China’s coronavirus hotspots keep Covid-19 cases elevated, fuel fears of spread

As of Aug 18, mainland China had confirmed 238,183 cases with symptoms. PHOTO: AFP

SHANGHAI (BLOOMBERG) - China reported its worst week of Covid-19 infections since mid-May, fuelled by outbreaks in vacation hotspots that risk spreading across the country as travellers return.  

The country reported 2,678 cases for Thursday, down from 3,424 a day earlier.

Still, there were more than 18,000 new local infections in the seven days through Aug 18, China’s worst week since mid-May, amid outbreaks in Hainan, Tibet and Xinjiang that stranded tourists and threw the travel plans of thousands of people into disarray.

The tropical island of Hainan, which is experiencing the country’s worst outbreak since Shanghai’s lockdown in the spring, reported 1,499 cases from 2,018 on Wednesday.

More than 100,000 of the 150,000 tourists stranded by the island’s sudden lockdown this month have left, China News reported, though they’ll need to quarantine for three days upon their return home.

China’s Covid czar and a vice-premier, Madam Sun Chunlan, is in Hainan to guide Covid control efforts amid tentative signs the situation may be stabilising.

Haikou, the capital, said it would end a 10-day lockdown on Friday if no more infections are found outside of the community for Thursday.

The city’s bus routes that don’t pass through high- or medium-risk areas resumed on Friday, though other places remain under widespread restrictions.  

Madam Sun’s trip underscores the seriousness of the outbreak in the region, and concern from Beijing about Hainan’s ability to handle the virus.

It also highlights fears that people returning from popular vacation destinations and other areas where flareups are occurring could bring the virus with them.  

That’s been a problem in Tibet, with returning travellers seeding outbreaks in places like Shanghai and Qinghai.

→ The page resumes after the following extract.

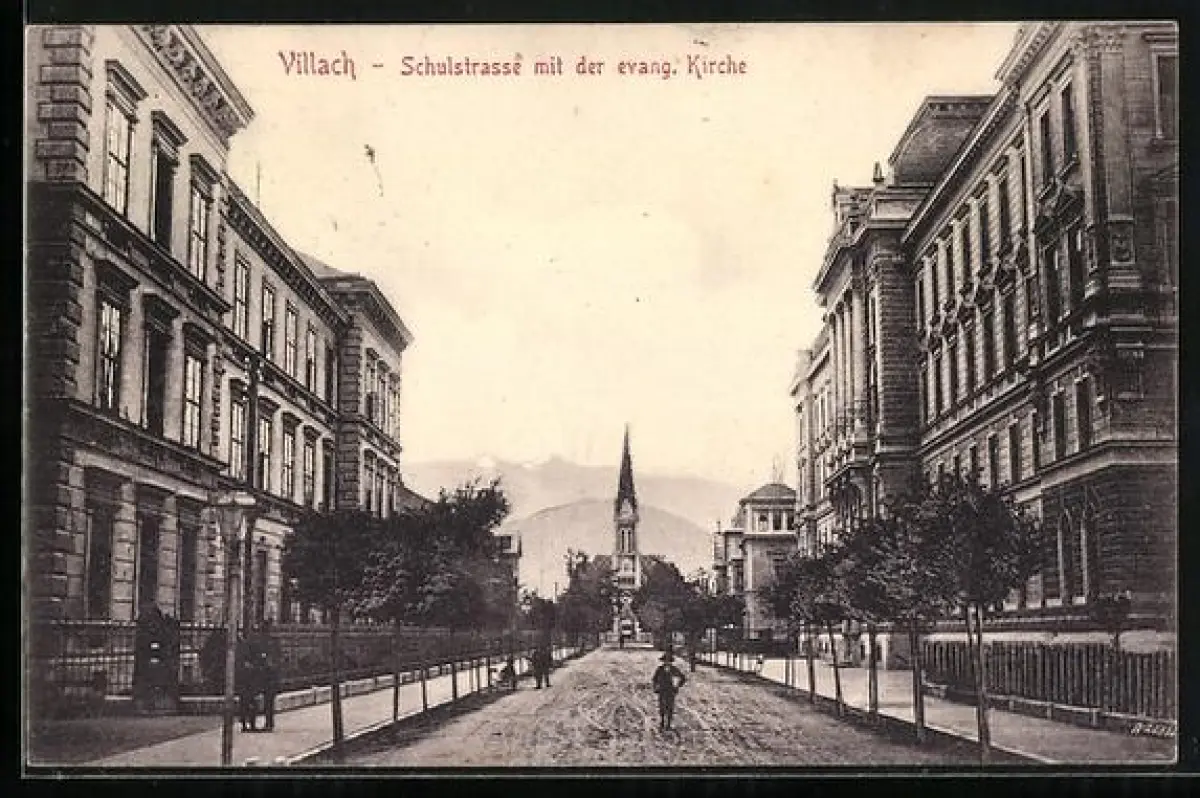 AK Villach, Schulstrasse mit Staatsbahn-Direktion und Gymnasium
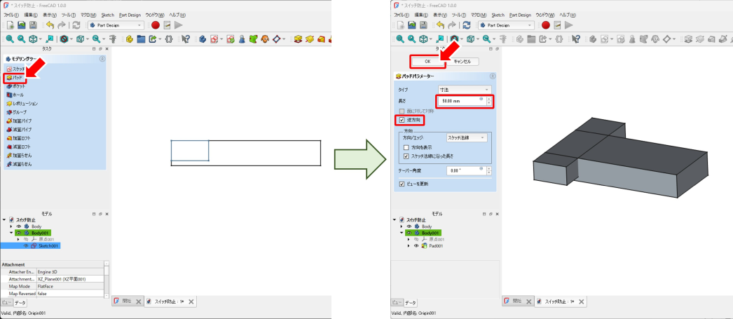 モデリングツールから「パッド」をクリックし、パッドパラメーター内の「逆方向」にチェックを入れた状態で、長さ「50 mm」を指定し「OK」をクリックします。

Anyone travelling from the region must quarantine, adding further disruption for many tourists.

A decision by officials in the southern Yunnan province to deny entry to travellers from Tibet over the weekend because of a lack of quarantine facilities created a four-mile (6.4km) traffic jam involving hundreds of cars, despite police urging residents to avoid the routes that had backed up.  

Tibet reported a drop in cases to 680 from 889. Elsewhere, the north-western Xinjiang region saw its daily cases drop to 256 from 269, while Shanghai detected three cases.